Born on February 8, 1955 in Jonesboro, Arkansas, to a construction worker and a homemaker, John Grisham as a child dreamed of being a professional baseball player. Realizing he didn't have the right stuff for a pro career, he shifted gears and majored in accounting at Mississippi State University. After graduating from law school at Ole Miss in 1981, he went on to practice law for nearly a decade in Southaven, specializing in criminal defense and personal injury litigation. In 1983, he was elected to the state House of Representatives and served until 1990.
One day at the Dessoto County courthouse, Grisham overheard the harrowing testimony of a twelve-year-old rape victim and was inspired to start a novel exploring what would have happened if the girl's father had murdered her assailants. Getting up at 5 a.m. every day to get in several hours of writing time before heading off to work, Grisham spent three years on A Time to Kill and finished it in 1987. Initially rejected by many publishers, it was eventually bought by Wynwood press, who gave it a modest 5,000 copy printing and published it in June 1988.
That might have put an end to Grisham's hobby. However, he had already begun his next book, and it would quickly turn that hobby into a new full-time career-and spark one of publishing's greatest success stories. The day after Grisham completed A Time to Kill, he began work on another novel, the story of a hotshot young attorney lured to an apparently perfect law firm that was not what it appeared. When he sold the film rights to The Firm to Paramount Pictures for $600,000, Grisham suddenly became a hot property among publishers, and book rights were bought by Doubleday. Spending 47 weeks on The New York Times bestseller list, The Firm became the bestselling novel of 1991.
The successes of The Pelican Brief, which hit number one on the New York Times bestseller list, and The Client, which debuted at number one, confirmed Grisham's reputation as the master of the legal thriller. Grisham's success even renewed interest in A Time to Kill, which was republished in hardcover by Doubleday and then in paperback by Dell. This time around, it was a bestseller.

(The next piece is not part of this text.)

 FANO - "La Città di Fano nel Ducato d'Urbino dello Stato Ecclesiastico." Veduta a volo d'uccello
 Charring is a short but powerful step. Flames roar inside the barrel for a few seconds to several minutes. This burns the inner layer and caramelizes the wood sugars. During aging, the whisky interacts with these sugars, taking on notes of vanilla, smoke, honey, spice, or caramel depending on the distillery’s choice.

Since first publishing A Time to Kill in 1988, Grisham has written one novel a year (his other books are The Firm, The Pelican Brief, The Client, The Chamber, The Rainmaker, The Runaway Jury, The Partner, The Street Lawyer, The Testament, The Brethren, A Painted House, Skipping Christmas, The Summons, The King of Torts, Bleachers, The Last Juror, and The Broker) and all of them have become international bestsellers. There are currently over 225 million John Grisham books in print worldwide, which have been translated into 29 languages. Nine of his novels have been turned into films (The Firm, The Pelican Brief, The Client, A Time to Kill, The Rainmaker, The Chamber, A Painted House, The Runaway Jury, and Skipping Christmas), as was an original screenplay, The Gingerbread Man. The Innocent Man (October 2006) marks his first foray into non-fiction.

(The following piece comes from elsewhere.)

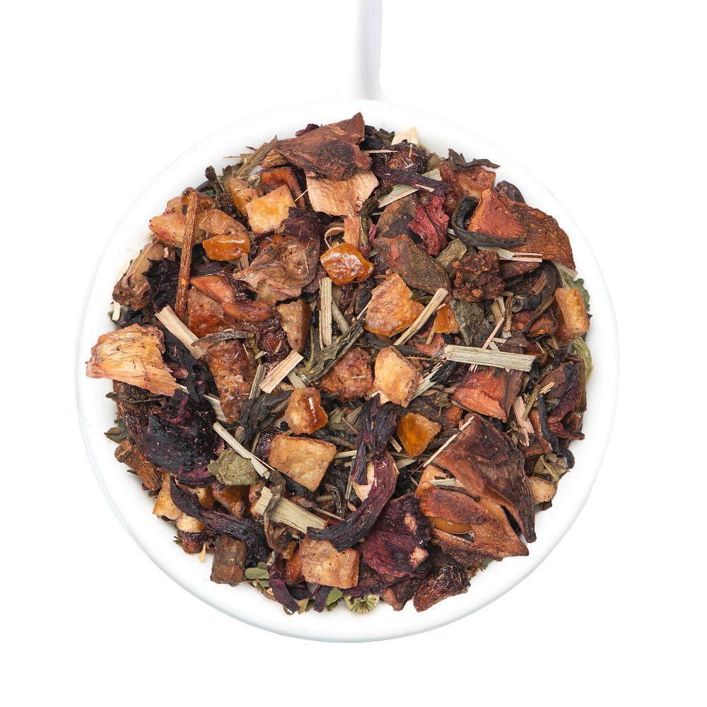 Зеленый чай (Green Tea), Апельсиновая цедра (Orange Peel), Гранатовые зерна (Pomegranate Kernels), Гибискус (Hibiscus), Лемонграсс (Lemongrass), Звездчатый анис (Star Anise), Экстракт маракуйи (Passionfruit Extract), Лимонная кислота (Citric Acid).

Grisham lives with his wife Renee and their two children Ty and Shea. The family splits their time between their Victorian home on a farm in Mississippi and a plantation near Charlottesville, VA.
Grisham took time off from writing for several months in 1996 to return, after a five-year hiatus, to the courtroom. He was honoring a commitment made before he had retired from the law to become a full-time writer: representing the family of a railroad brakeman killed when he was pinned between two cars. Preparing his case with the same passion and dedication as his books' protagonists, Grisham successfully argued his clients' case, earning them a jury award of $683,500-the biggest verdict of his career.
When he's not writing, Grisham devotes time to charitable causes, including most recently his Rebuild The Coast Fund, which raised 8.8 million dollars for Gulf Coast relief in the wake of Hurricane Katrina. He also keeps up with his greatest passion: baseball. The man who dreamed of being a professional baseball player now serves as the local Little League commissioner. The six ballfields he built on his property have played host to over 350 kids on 26 Little League teams.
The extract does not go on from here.